Exercise aim:
The response should contain all of the records, copied exactly, and none of the images.

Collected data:
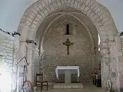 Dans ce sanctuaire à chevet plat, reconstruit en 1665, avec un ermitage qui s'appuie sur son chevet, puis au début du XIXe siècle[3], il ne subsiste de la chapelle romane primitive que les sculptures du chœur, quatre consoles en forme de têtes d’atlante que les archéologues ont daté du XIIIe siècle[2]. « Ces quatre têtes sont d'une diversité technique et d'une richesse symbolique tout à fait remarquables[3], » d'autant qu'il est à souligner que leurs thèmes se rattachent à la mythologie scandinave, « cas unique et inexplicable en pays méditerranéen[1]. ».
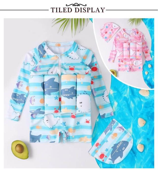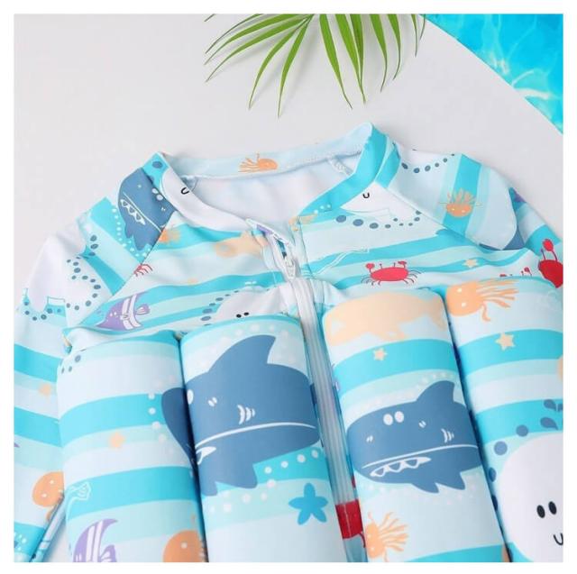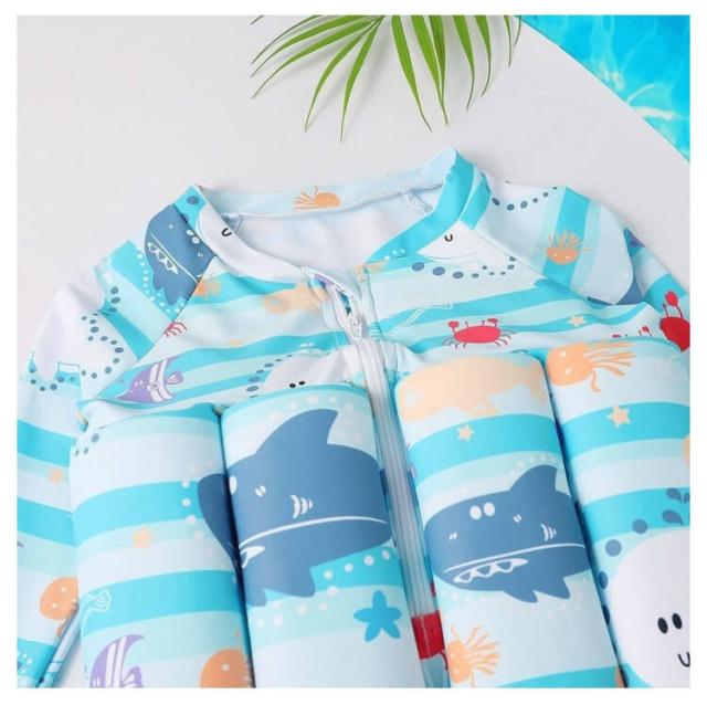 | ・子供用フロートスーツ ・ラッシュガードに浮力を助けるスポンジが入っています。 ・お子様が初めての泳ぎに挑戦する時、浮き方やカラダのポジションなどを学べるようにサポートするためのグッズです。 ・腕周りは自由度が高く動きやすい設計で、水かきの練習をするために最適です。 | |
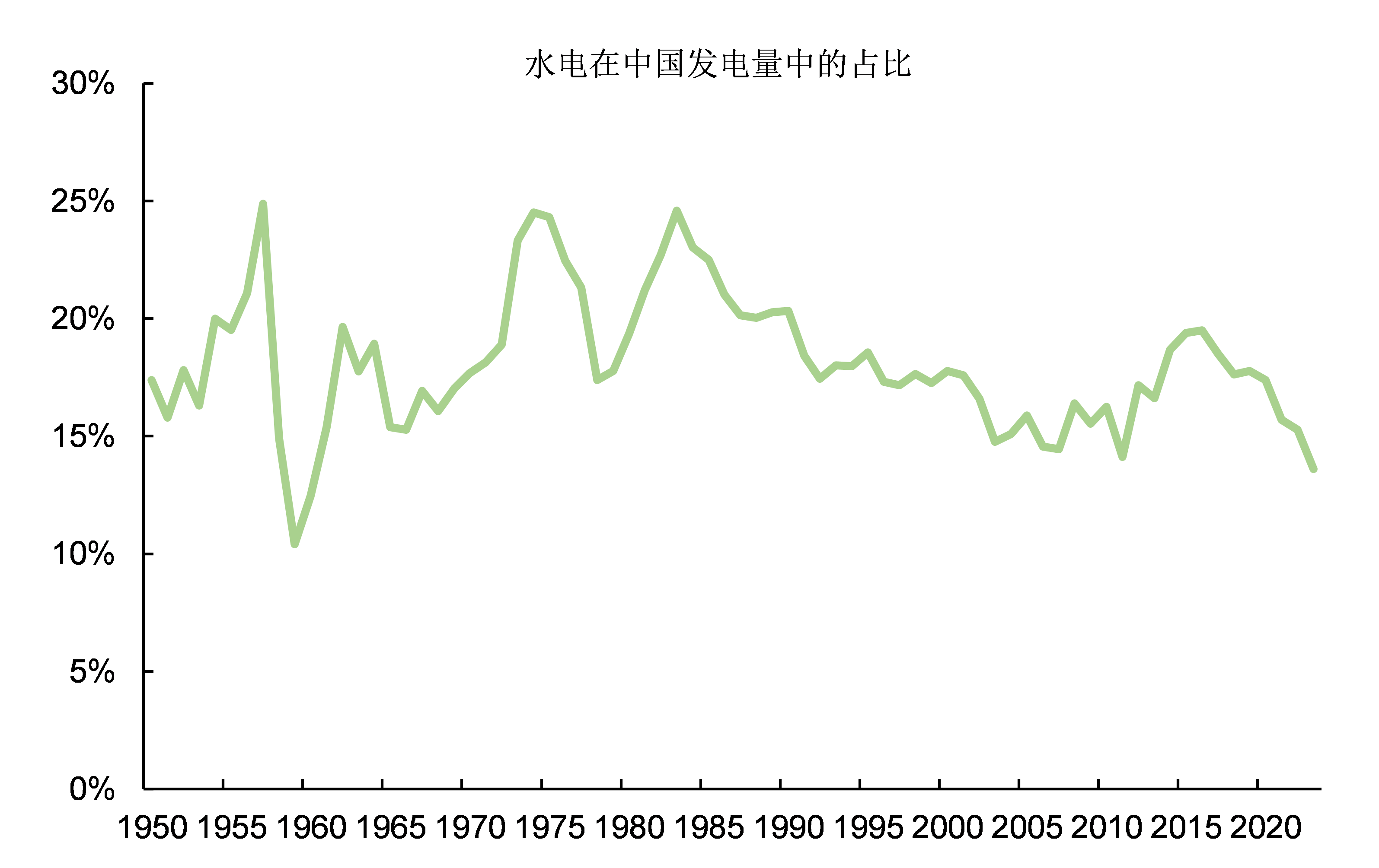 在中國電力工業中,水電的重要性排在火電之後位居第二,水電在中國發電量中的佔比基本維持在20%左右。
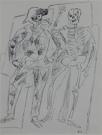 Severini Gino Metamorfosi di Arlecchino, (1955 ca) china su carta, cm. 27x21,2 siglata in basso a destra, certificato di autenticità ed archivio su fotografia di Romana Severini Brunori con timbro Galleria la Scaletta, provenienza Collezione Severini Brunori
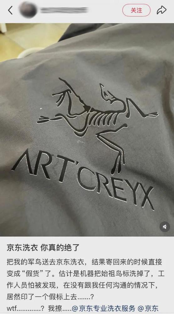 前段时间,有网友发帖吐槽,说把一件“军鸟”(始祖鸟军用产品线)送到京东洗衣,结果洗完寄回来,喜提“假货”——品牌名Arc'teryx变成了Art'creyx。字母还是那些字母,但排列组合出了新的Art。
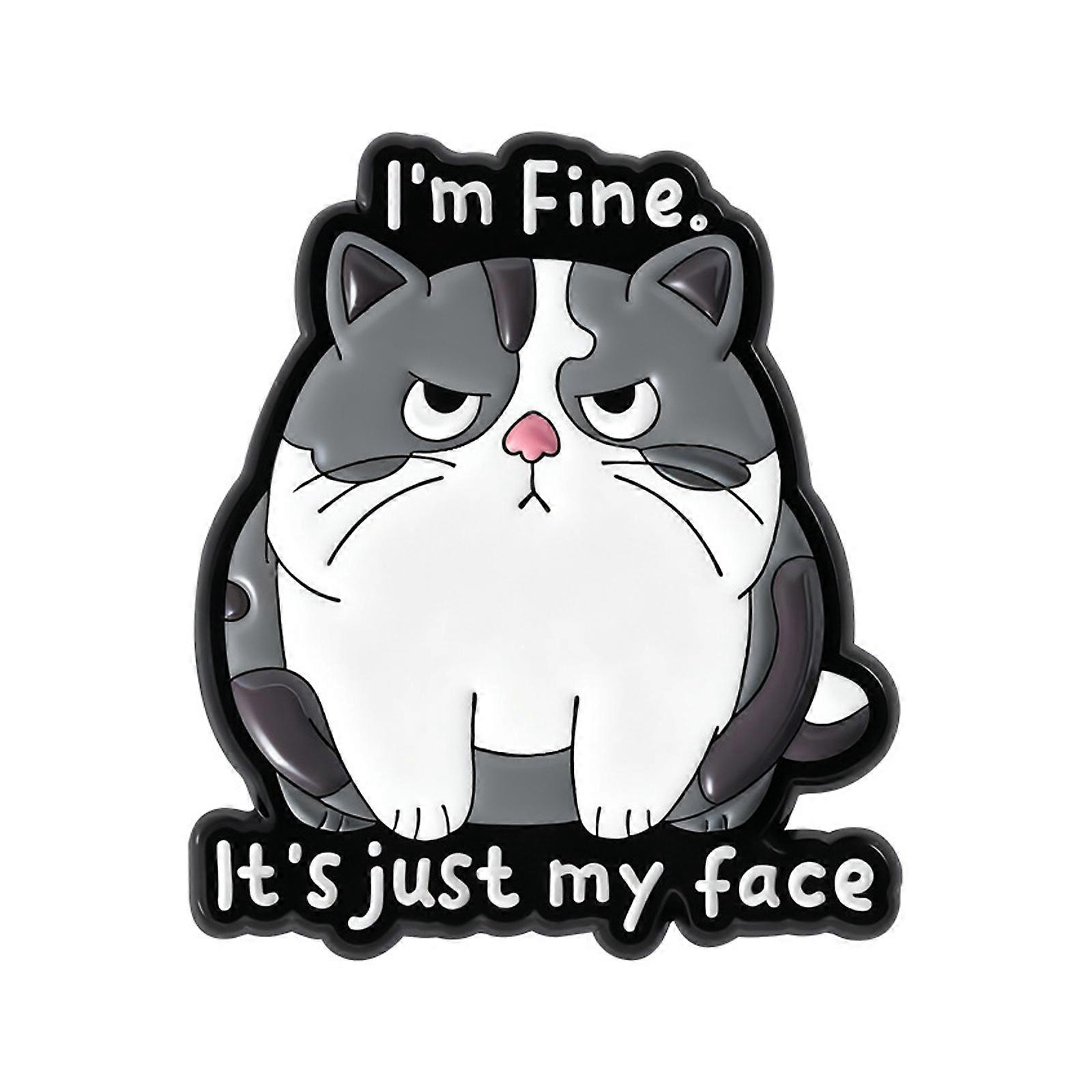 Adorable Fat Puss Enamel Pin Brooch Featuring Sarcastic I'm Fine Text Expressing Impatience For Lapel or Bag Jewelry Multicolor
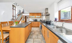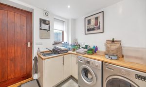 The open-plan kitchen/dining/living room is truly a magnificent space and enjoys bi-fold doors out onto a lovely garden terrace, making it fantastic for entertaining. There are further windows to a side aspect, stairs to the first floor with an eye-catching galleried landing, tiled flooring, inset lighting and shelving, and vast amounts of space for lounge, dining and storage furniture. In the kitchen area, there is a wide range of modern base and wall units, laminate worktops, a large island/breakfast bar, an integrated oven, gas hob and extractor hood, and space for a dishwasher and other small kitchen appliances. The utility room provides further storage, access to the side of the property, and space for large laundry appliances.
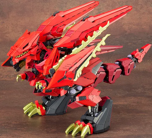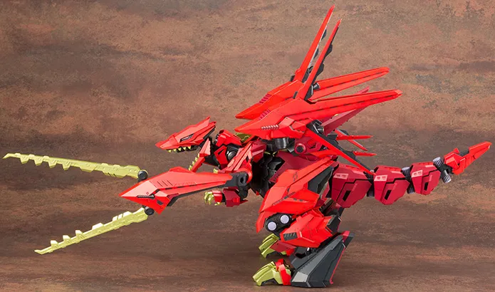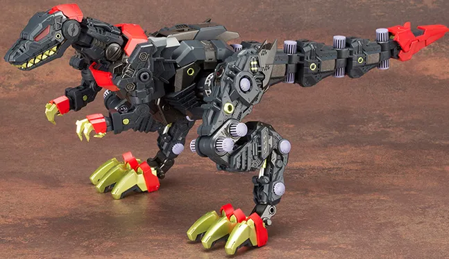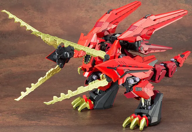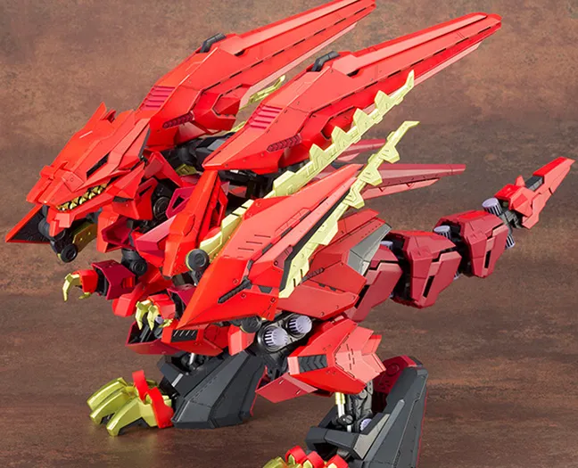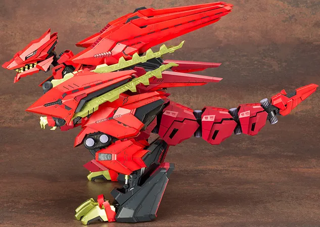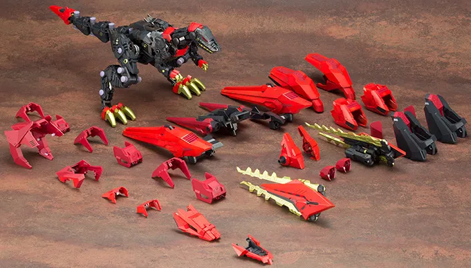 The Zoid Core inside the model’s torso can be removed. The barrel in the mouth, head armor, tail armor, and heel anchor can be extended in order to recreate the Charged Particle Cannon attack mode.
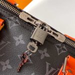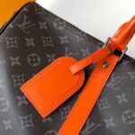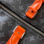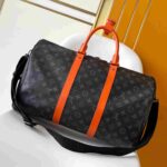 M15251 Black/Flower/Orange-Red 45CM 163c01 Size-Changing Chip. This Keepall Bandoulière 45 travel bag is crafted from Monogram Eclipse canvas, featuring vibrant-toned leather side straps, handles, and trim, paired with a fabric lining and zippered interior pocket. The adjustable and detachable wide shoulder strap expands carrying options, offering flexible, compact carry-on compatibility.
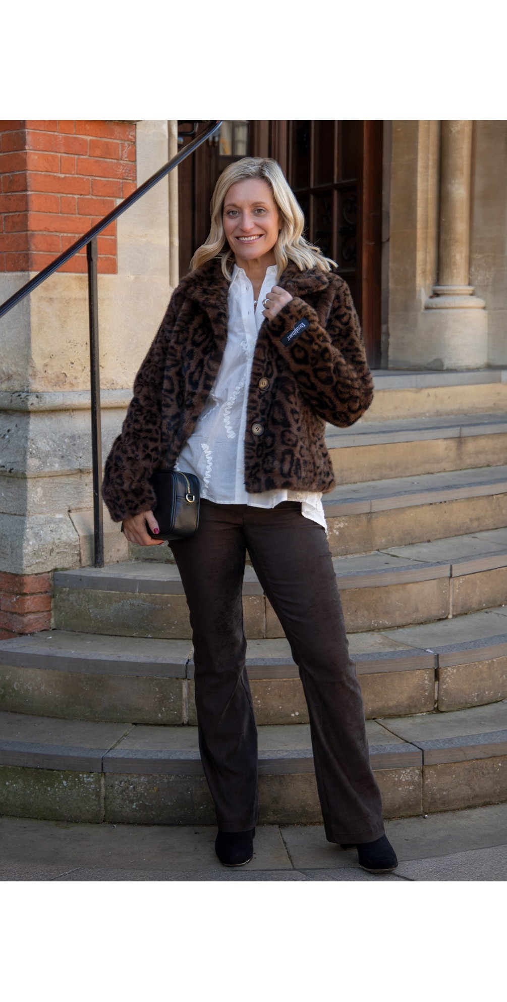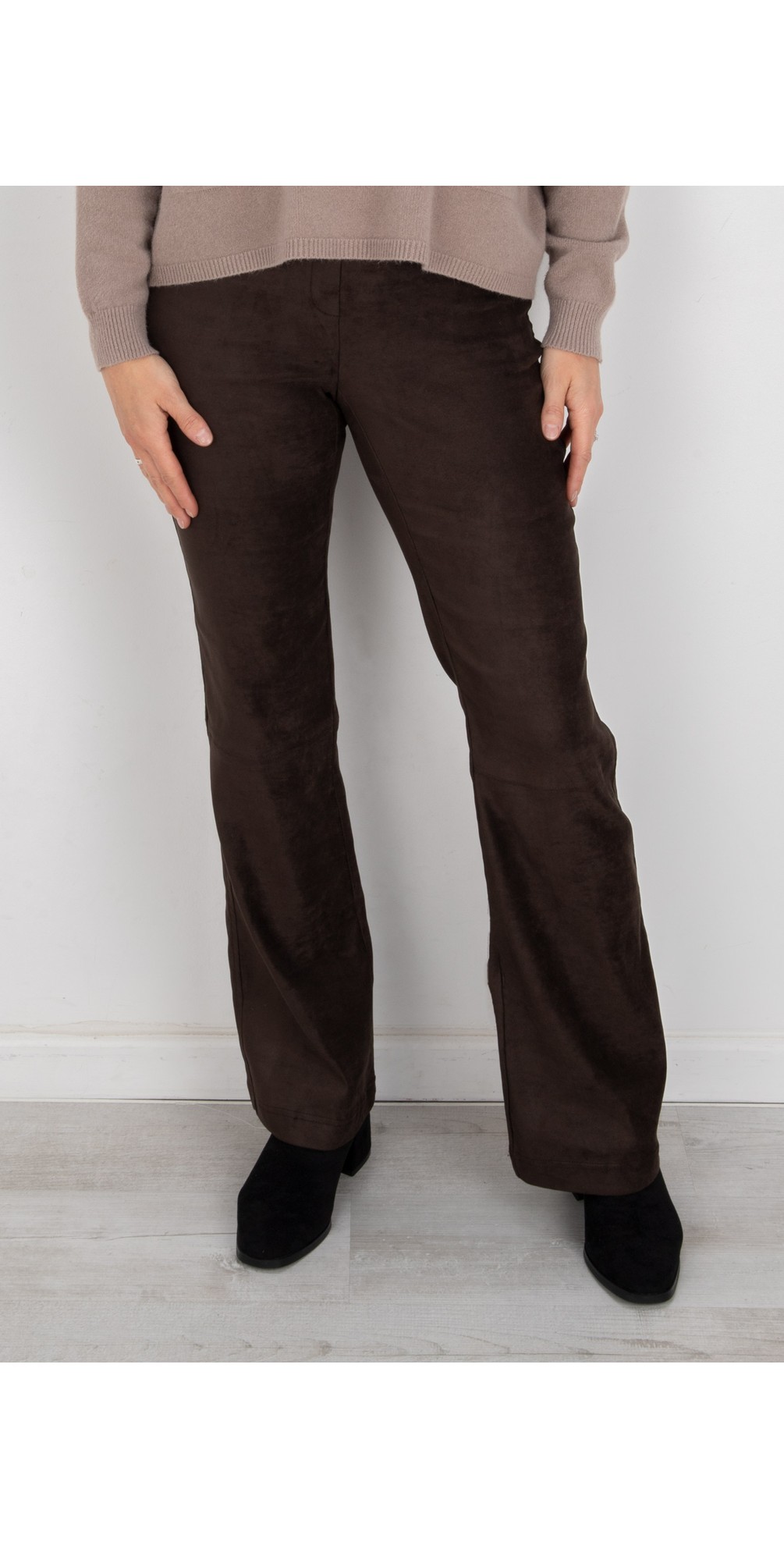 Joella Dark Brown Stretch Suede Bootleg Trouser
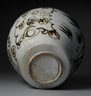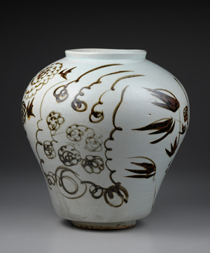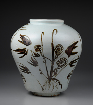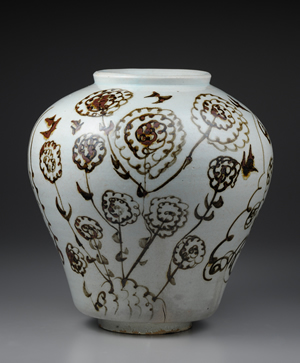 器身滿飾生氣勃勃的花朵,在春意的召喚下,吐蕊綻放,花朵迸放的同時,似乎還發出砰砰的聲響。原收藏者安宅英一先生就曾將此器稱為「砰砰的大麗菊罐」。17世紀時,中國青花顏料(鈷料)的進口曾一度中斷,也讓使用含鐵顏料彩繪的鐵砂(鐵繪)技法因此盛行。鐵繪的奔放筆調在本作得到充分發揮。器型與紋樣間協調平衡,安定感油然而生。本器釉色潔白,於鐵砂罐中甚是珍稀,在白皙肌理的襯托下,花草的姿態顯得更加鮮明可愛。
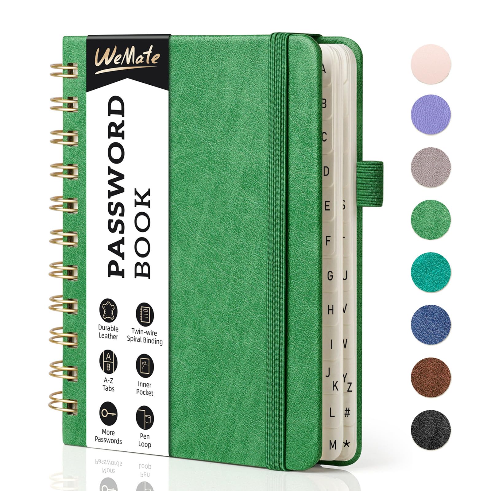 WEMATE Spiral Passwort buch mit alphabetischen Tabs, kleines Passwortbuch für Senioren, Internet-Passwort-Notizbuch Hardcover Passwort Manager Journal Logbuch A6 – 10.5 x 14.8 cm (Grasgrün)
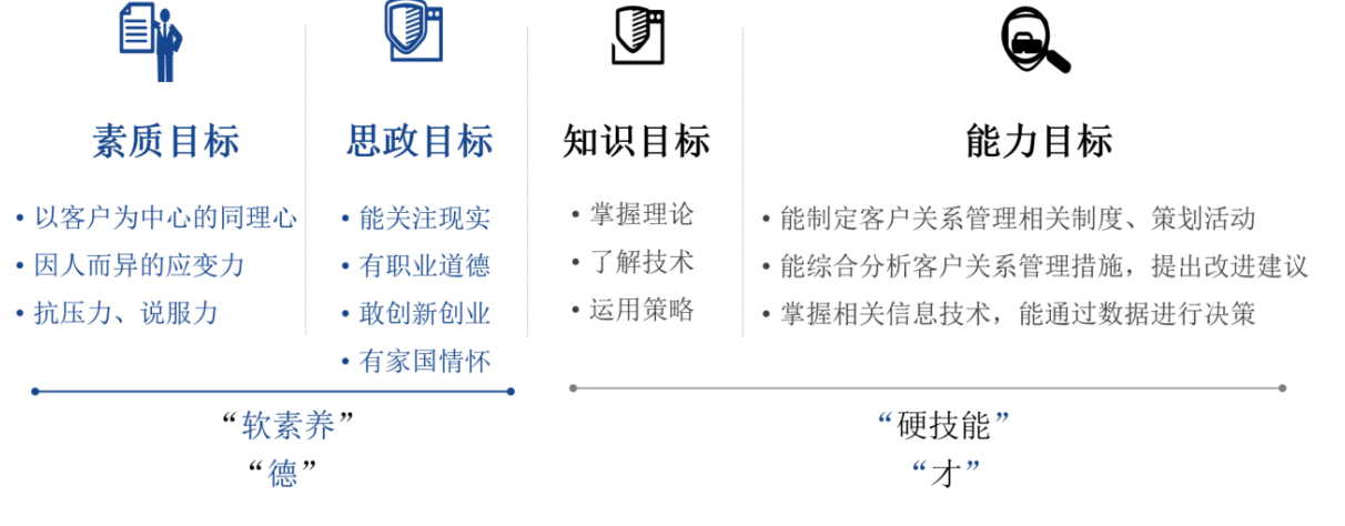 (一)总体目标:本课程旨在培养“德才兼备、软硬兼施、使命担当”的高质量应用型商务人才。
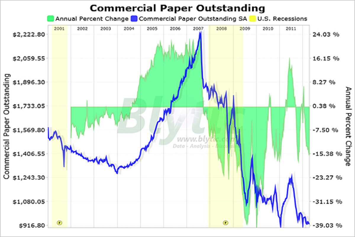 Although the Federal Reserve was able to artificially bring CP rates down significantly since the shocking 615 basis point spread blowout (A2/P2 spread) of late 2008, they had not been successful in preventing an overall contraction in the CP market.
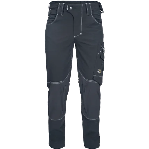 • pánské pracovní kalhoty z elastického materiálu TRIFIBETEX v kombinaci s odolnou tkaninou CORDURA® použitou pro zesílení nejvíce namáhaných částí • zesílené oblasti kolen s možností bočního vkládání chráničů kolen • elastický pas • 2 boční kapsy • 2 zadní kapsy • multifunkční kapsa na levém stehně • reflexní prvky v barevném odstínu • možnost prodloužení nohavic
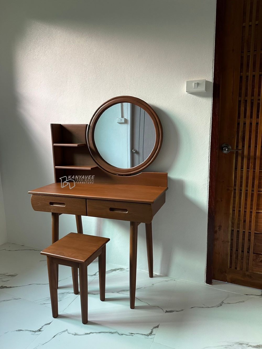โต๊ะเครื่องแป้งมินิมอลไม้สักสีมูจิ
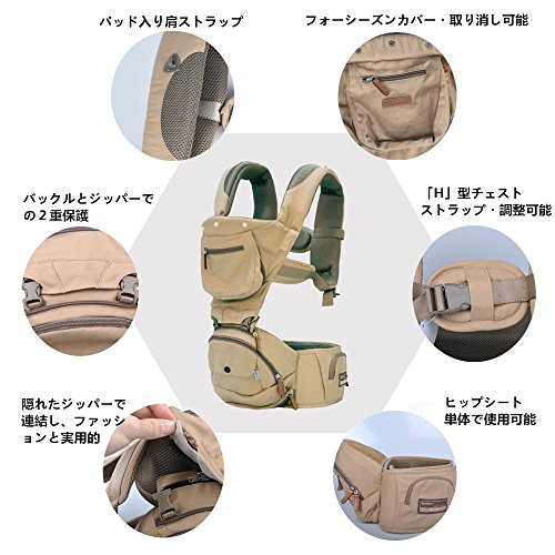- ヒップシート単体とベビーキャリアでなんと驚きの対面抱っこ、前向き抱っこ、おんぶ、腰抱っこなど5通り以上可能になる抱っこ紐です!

Output of the exercise:
 Dans ce sanctuaire à chevet plat, reconstruit en 1665, avec un ermitage qui s'appuie sur son chevet, puis au début du XIXe siècle[3], il ne subsiste de la chapelle romane primitive que les sculptures du chœur, quatre consoles en forme de têtes d’atlante que les archéologues ont daté du XIIIe siècle[2]. « Ces quatre têtes sont d'une diversité technique et d'une richesse symbolique tout à fait remarquables[3], » d'autant qu'il est à souligner que leurs thèmes se rattachent à la mythologie scandinave, « cas unique et inexplicable en pays méditerranéen[1]. ».
 | ・子供用フロートスーツ ・ラッシュガードに浮力を助けるスポンジが入っています。 ・お子様が初めての泳ぎに挑戦する時、浮き方やカラダのポジションなどを学べるようにサポートするためのグッズです。 ・腕周りは自由度が高く動きやすい設計で、水かきの練習をするために最適です。 | |
 在中國電力工業中,水電的重要性排在火電之後位居第二,水電在中國發電量中的佔比基本維持在20%左右。
 Severini Gino Metamorfosi di Arlecchino, (1955 ca) china su carta, cm. 27x21,2 siglata in basso a destra, certificato di autenticità ed archivio su fotografia di Romana Severini Brunori con timbro Galleria la Scaletta, provenienza Collezione Severini Brunori
 前段时间,有网友发帖吐槽,说把一件“军鸟”(始祖鸟军用产品线)送到京东洗衣,结果洗完寄回来,喜提“假货”——品牌名Arc'teryx变成了Art'creyx。字母还是那些字母,但排列组合出了新的Art。
 Adorable Fat Puss Enamel Pin Brooch Featuring Sarcastic I'm Fine Text Expressing Impatience For Lapel or Bag Jewelry Multicolor
 The open-plan kitchen/dining/living room is truly a magnificent space and enjoys bi-fold doors out onto a lovely garden terrace, making it fantastic for entertaining. There are further windows to a side aspect, stairs to the first floor with an eye-catching galleried landing, tiled flooring, inset lighting and shelving, and vast amounts of space for lounge, dining and storage furniture. In the kitchen area, there is a wide range of modern base and wall units, laminate worktops, a large island/breakfast bar, an integrated oven, gas hob and extractor hood, and space for a dishwasher and other small kitchen appliances. The utility room provides further storage, access to the side of the property, and space for large laundry appliances.
 The Zoid Core inside the model’s torso can be removed. The barrel in the mouth, head armor, tail armor, and heel anchor can be extended in order to recreate the Charged Particle Cannon attack mode.
 M15251 Black/Flower/Orange-Red 45CM 163c01 Size-Changing Chip. This Keepall Bandoulière 45 travel bag is crafted from Monogram Eclipse canvas, featuring vibrant-toned leather side straps, handles, and trim, paired with a fabric lining and zippered interior pocket. The adjustable and detachable wide shoulder strap expands carrying options, offering flexible, compact carry-on compatibility.
 Joella Dark Brown Stretch Suede Bootleg Trouser
 器身滿飾生氣勃勃的花朵,在春意的召喚下,吐蕊綻放,花朵迸放的同時,似乎還發出砰砰的聲響。原收藏者安宅英一先生就曾將此器稱為「砰砰的大麗菊罐」。17世紀時,中國青花顏料(鈷料)的進口曾一度中斷,也讓使用含鐵顏料彩繪的鐵砂(鐵繪)技法因此盛行。鐵繪的奔放筆調在本作得到充分發揮。器型與紋樣間協調平衡,安定感油然而生。本器釉色潔白,於鐵砂罐中甚是珍稀,在白皙肌理的襯托下,花草的姿態顯得更加鮮明可愛。
 WEMATE Spiral Passwort buch mit alphabetischen Tabs, kleines Passwortbuch für Senioren, Internet-Passwort-Notizbuch Hardcover Passwort Manager Journal Logbuch A6 – 10.5 x 14.8 cm (Grasgrün)
 (一)总体目标:本课程旨在培养“德才兼备、软硬兼施、使命担当”的高质量应用型商务人才。
 Although the Federal Reserve was able to artificially bring CP rates down significantly since the shocking 615 basis point spread blowout (A2/P2 spread) of late 2008, they had not been successful in preventing an overall contraction in the CP market.
 • pánské pracovní kalhoty z elastického materiálu TRIFIBETEX v kombinaci s odolnou tkaninou CORDURA® použitou pro zesílení nejvíce namáhaných částí • zesílené oblasti kolen s možností bočního vkládání chráničů kolen • elastický pas • 2 boční kapsy • 2 zadní kapsy • multifunkční kapsa na levém stehně • reflexní prvky v barevném odstínu • možnost prodloužení nohavic
โต๊ะเครื่องแป้งมินิมอลไม้สักสีมูจิ
- ヒップシート単体とベビーキャリアでなんと驚きの対面抱っこ、前向き抱っこ、おんぶ、腰抱っこなど5通り以上可能になる抱っこ紐です!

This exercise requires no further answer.